Elles témoignent, capturent et transmettent l’énergie particulière du Fespaco telle que l’auteur l’a vécue au fil de ses nombreuses participations. On y découvre des scènes de rues vibrantes de vie, où Ouagadougou devient, le temps du festival, une immense scène à ciel ouvert. Les clichés saisissent des regards, des sourires, des gestes spontanés, mais aussi des moments solennels : cérémonies d’ouverture et de clôture, remises de prix, hommages à des figures emblématiques du cinéma africain.
Certaines images isolent des visages, révélant l’intensité d’un discours, la concentration d’un réalisateur en conférence, ou l’émotion d’un comédien acclamé par la foule. D’autres montrent la convivialité des coulisses, les échanges fraternels entre artistes, critiques, techniciens et spectateurs. Ensemble, ces photographies construisent une mémoire visuelle qui complète et enrichit la mémoire écrite. Elles font revivre les couleurs, la lumière, la chaleur humaine et l’âme du Fespaco, offrant au lecteur la sensation d’assister à un album vivant, à mi-chemin entre carnet de voyage et chronique culturelle. Rencontres et figures du cinéma africain Au fil des pages, M. Cissokho convoque les visages et les voix qui ont marqué ses reportages.

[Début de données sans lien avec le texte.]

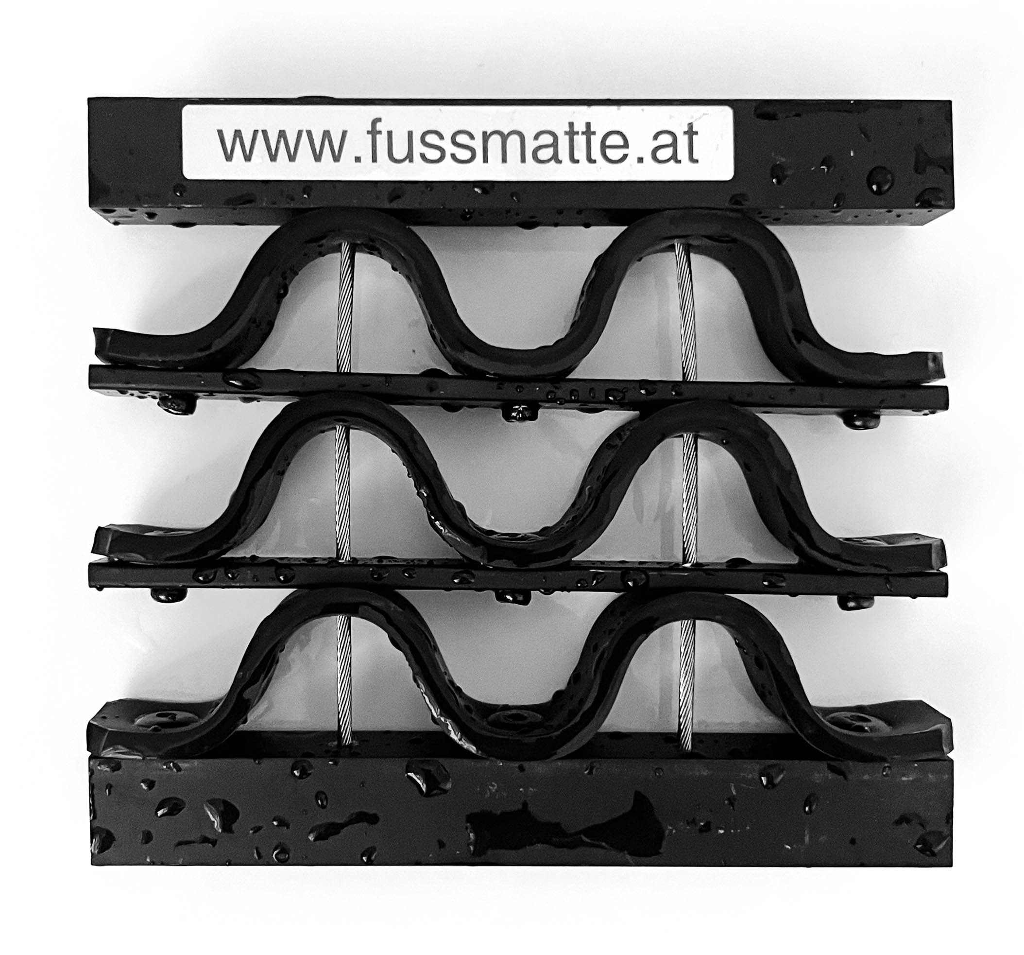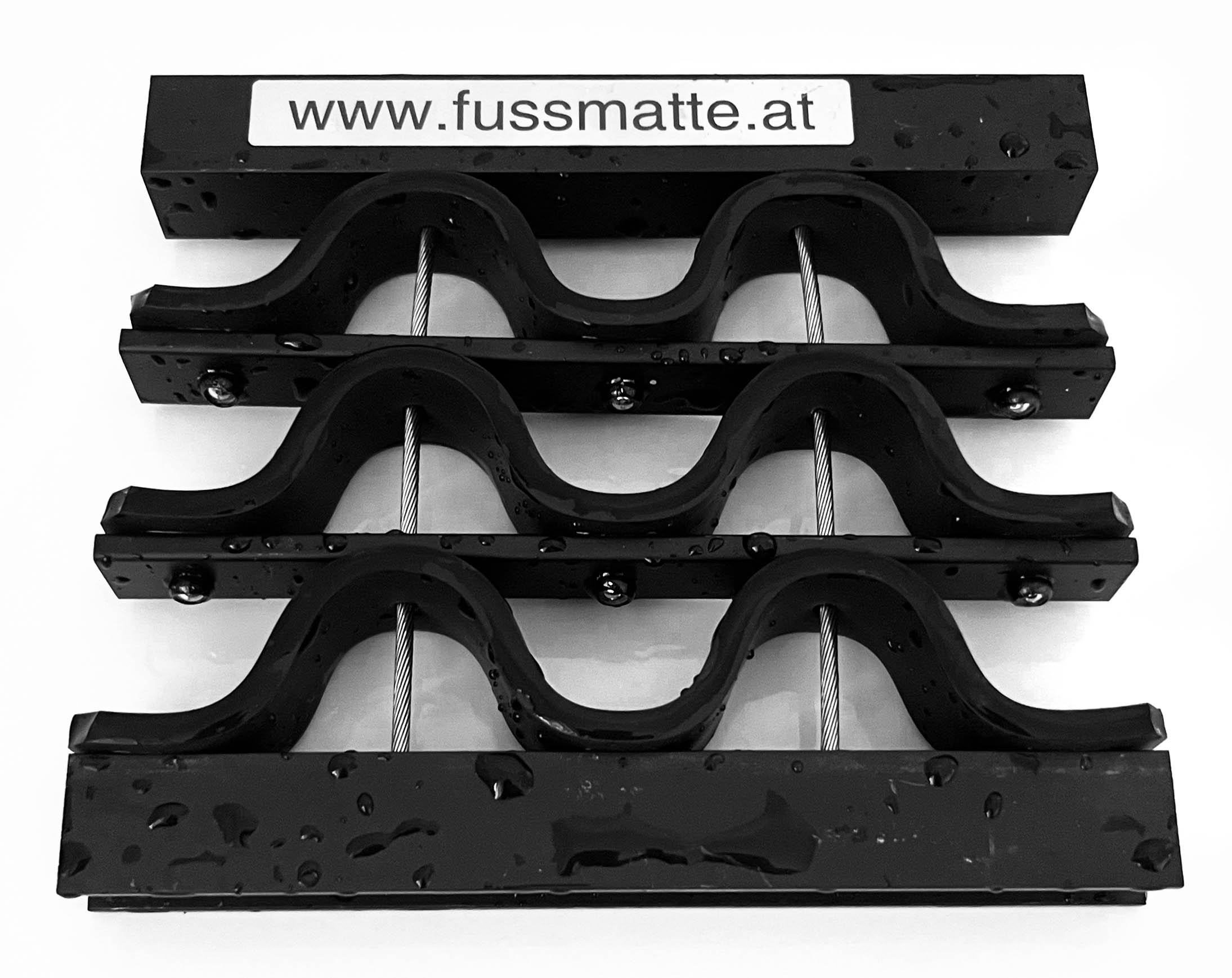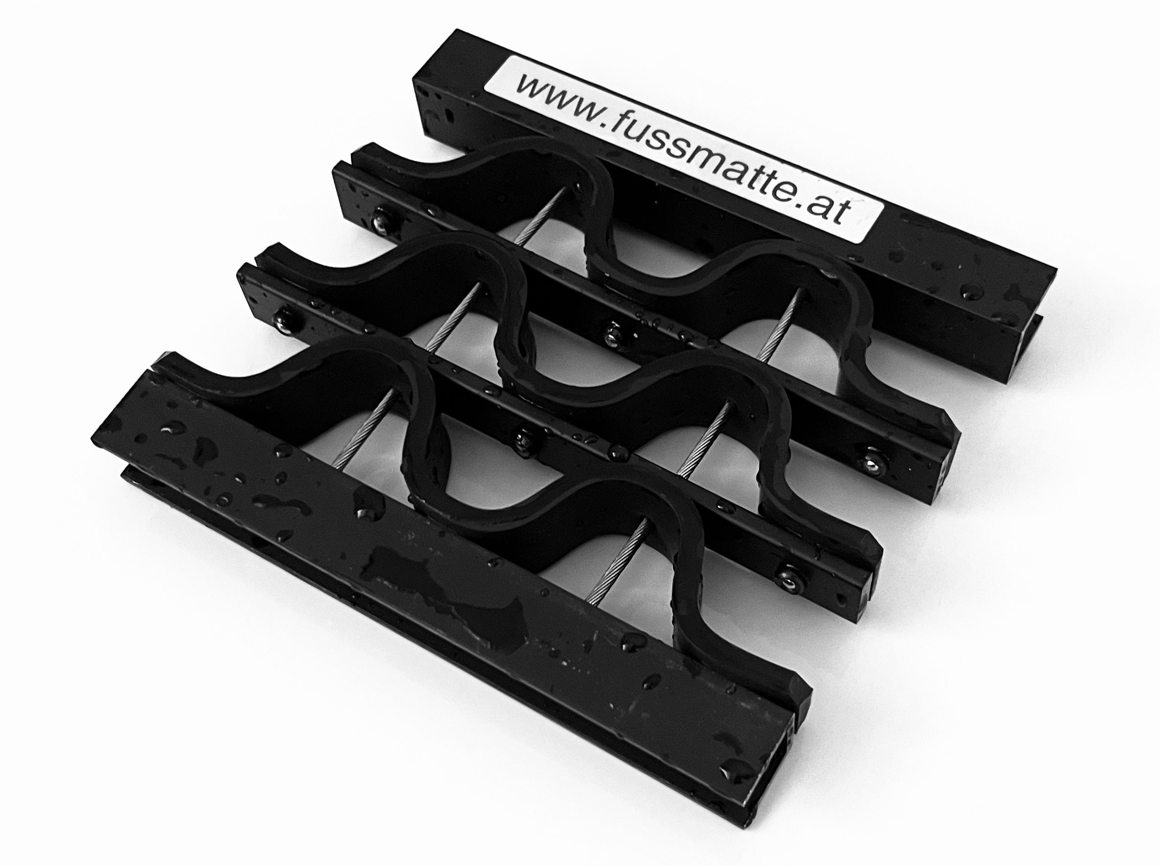 Die Fußmatte liegt vollflächig am Boden auf. Die Aluprofile der Fußmatte und die widerstandsfähigen, Gummi-Lamellen aus Synthetik-Kautschuk werden in Handarbeit mit Edelstahlseile miteinander verbunden. Der Schmutz / Matsch oder Schnee wird vom Schuh im Darübergehen abgestreift und bleibt nicht an der Oberfläche haften, wo der nächste Besucher ihn wieder aufnimmt und ins Haus trägt.

Les grands noms du cinéma africain, de Sembène Ousmane à Souleymane Cissé, de Gaston Kaboré à Abderrahmane Sissako, croisent les nouvelles générations de cinéastes, porteurs de récits et d’esthétiques renouvelées. Ainsi, le livre restitue l’atmosphère des échanges, les instants de complicité, les entretiens improvisés dans les couloirs ou les cafés, les débats passionnés sur l’orientation du cinéma africain et la mission du festival. L’un des fils rouges de l’ouvrage est l’interrogation sur l’identité et l’évolution du Fespaco.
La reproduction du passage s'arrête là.